VETERANOS E CALOUROS

 

Em qualquer Universidade existem hábitos e ritos que se perpetuam e fazem parte do espírito universitário.

Eu estava entrando na Universidade de Pádua, sessenta anos atrás, com o coração aos pinotes. Era uma grande responsabilidade; os olhos da família inteira estavam apontados em mim.

Meu pai me deu cinco mil liras – que deveriam durar um mês – e mandou-me para o “matadouro”. Era aquele amplo e sagrado claustro, logo além da entrada monumental, onde eram sacrificados os calouros, em sua primeira experiência universitária.

Hoje não é mais assim, mas naquele tempo, ao fazermos a inscrição, recebíamos uma caderneta, na qual, ano após ano, colávamos o comprovante – do tamanho de um selo de correio – indicando nossa condição de estudantes daquele ano.  

O “matadouro” pululava de aves de rapina, urubus, abutres, corvos; os nossos algozes eram os “veteranos”, estudantes mais antigos, famintos e inescrupulosos.

Todos os anos a tragédia se repetia. 

Um veterano enredava algum calouro e o convidava para um lanche, para explicar – dizia - os perigos da escola e dar dicas sobre como evitá-los; o lanchinho transformava-se rapidamente em um festim, com pratos caros e dezenas de “convidados” que, aguardando empoleirados nas proximidades, vinham chegando à mesa, para participar da festa.

No momento de pagar, explicavam ao incauto que quem tinha um menor número de selinhos tinha que assumir a despesa.

Meu veterano tinha quatro selos. Eu, é claro, tinha só um.

Assim, logo no primeiro dia perdi todo o dinheiro do mês.

 Foi o pior mês da minha vida – fiquei devendo a pensão, com o aquecimento cortado, sem poder comprar os livros, sem fumar, comendo as sobras dos colegas – digo da comida dos colegas – e ainda por cima, indo e voltando a pé na neve. Enfim, um desastre.

Não se poderia levar a mal. Era uma tradição.

Parti então para a vingança: convidei um colega que tinha cinco selos, mas estava atrasado, ainda cursando o segundo ano, por mera preguiça. 

Combinamos a estratégia; provoquei um encontro, e convidei o meu algoz – aquele mesmo, sim -  para um jantar. Ele veio sorrindo. Oba! Estava no papo!

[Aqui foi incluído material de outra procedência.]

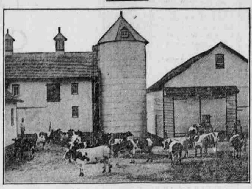
A Modern Dairy Silo.

Dry Pastures and Burned-Up Hillsides Following Drought of 1910 Teach Lesson That Shoud Not be Forgotten-Eloquent Though Severe Plea for Summer Silo for All Farms.
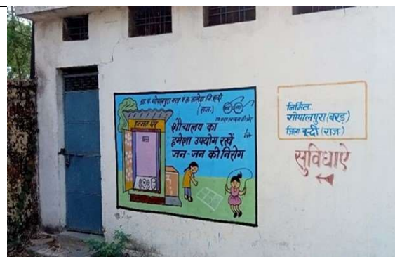
Roof leaks during rains of this facility in Gopalpura Panchayat

This school of Badfu in Ganeshpura Panchayat of Talera Block is awaiting completion from last 4 years
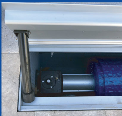
Strong, quality components
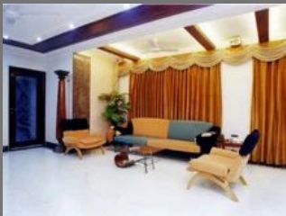
Residence At Matunga
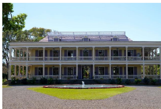
Domaine de Labourdonnais
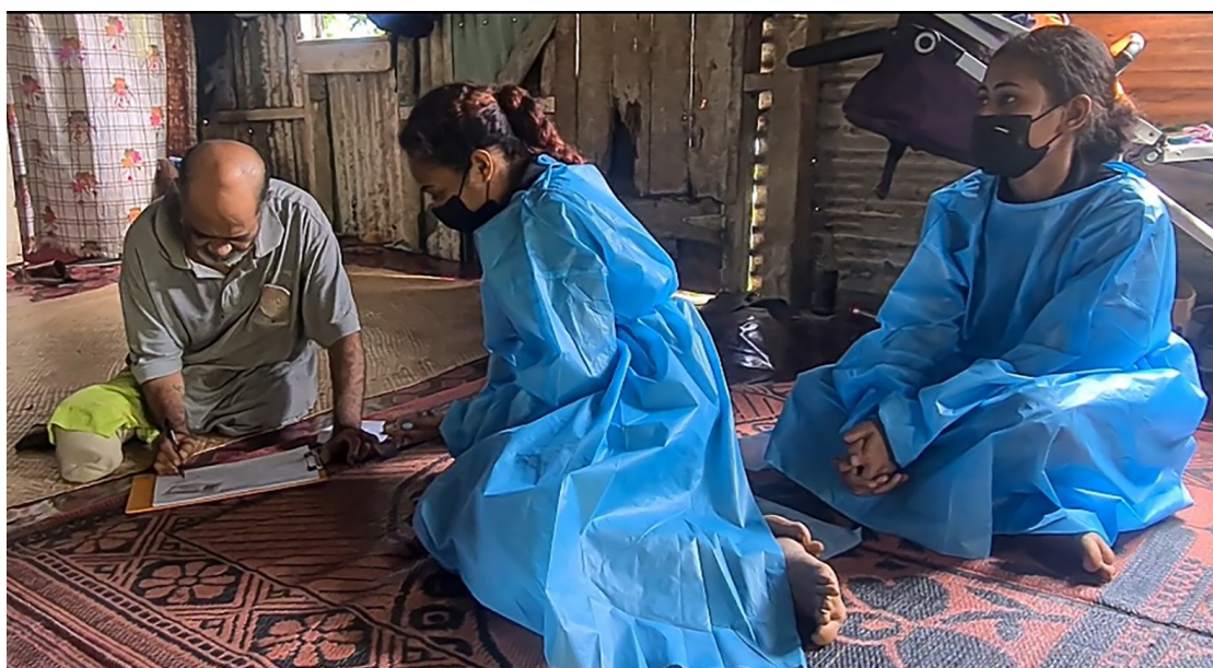
House to house Cash distributions to People with Disabilities who cannot access their cash assistance through e-transfer
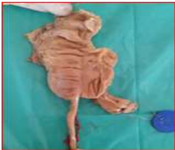
Fig. 2: Showing midinguinal or 6o clock position

The position of appendix in 20 specimens (71.4%) were retrocolic or retrocaecal and 12 o clock position as shown in Table 3. In one specimen the appendix showed mid inguinal or 6 o clock position as shown in Fig. 2 the length of appendix varied from 42 mm to 136 mm the lengthiest as shown in Fig. 3. The average length of appendix is 76.7mm the double or duplicate appendix was seen in one specimen as shown in Fig. 4.
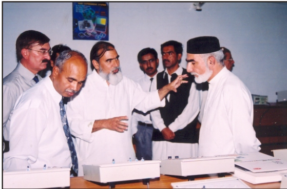
VC BUITMS explaining the project

The Vice Chancellor BUITMS gave a presentation to the distinguished guests about the University. This included information about the three campuses and facilities being provided, existing and future programs of studies in different faculties, research set up including new labs and projects, faculty development, students' enrollment and lastly the future direction and vision for this university.
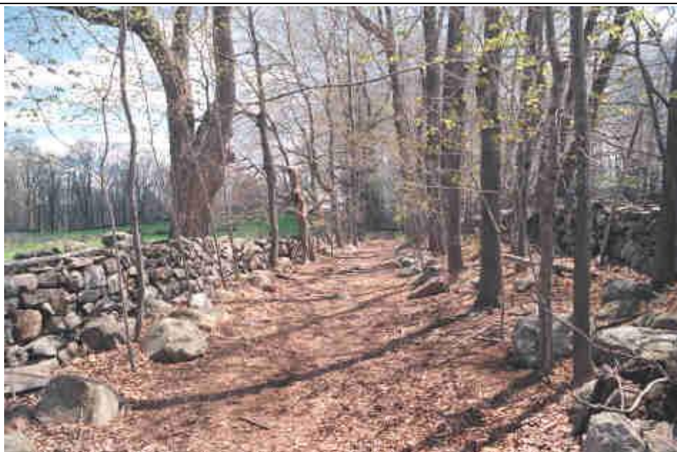
Trail Section: Unpaved Section of Lounsbury Lane

Comemos do bom e do melhor. Na hora de pagar, porém, o miserável me apresenta uma caderneta com sete selinhos.  Estivera escondendo o leite o tempo todo!

Desta vez tive que telegrafar ao meu pai, pedindo socorro. O velho já sabia que isso aconteceria e não se incomodou. Reforçou meu caixa, recomendando-me que ficasse um pouco mais esperto.  Na verdade disse: Menos trouxa!!...

Finalmente passei para o segundo e depois para o terceiro ano. E aí, chegou a hora de minha vingança verdadeira.  No dia do início das aulas fui para o “matadouro” como ave de rapina e não mais como caça.

Encontrei um coitadinho, com cara, jeito e botas de caipira. Fiquei observando-o, por um bom tempo, enquanto ele olhava perdido por todos os cantos, procurando alguma informação, uma dica qualquer. Ninguém lhe dava bola. 

Por fim, aproximei-me e ofereci ajuda. Ele estava mesmo precisando. Não sabia nada de nada...

Para encurtar, convidei-o para um lanchinho e nos fartamos: ele e eu, e mais uns vinte colegas. Na hora de pagar, puxei a carteirinha com os meus mirrados três selinhos, E ele, sem pestanejar, me apresentou uma carteirinha com onze – sim, onze! – selinhos. O desgraçado estava na faculdade havia onze anos – desde o tempo em que eu ainda cursava o primário – e estava esperando justamente por mim!

Foi demais; perdi a coragem: assoberbado pelas dívidas, renunciei à carreira universitária e entrei na profissão de garçom; depois de cinco anos de trabalho, acabei de pagar a dívida.

Porém preferi ficar por aqui, onde os veteranos continuam depenando os calouros, mas deixam em paz os garçons.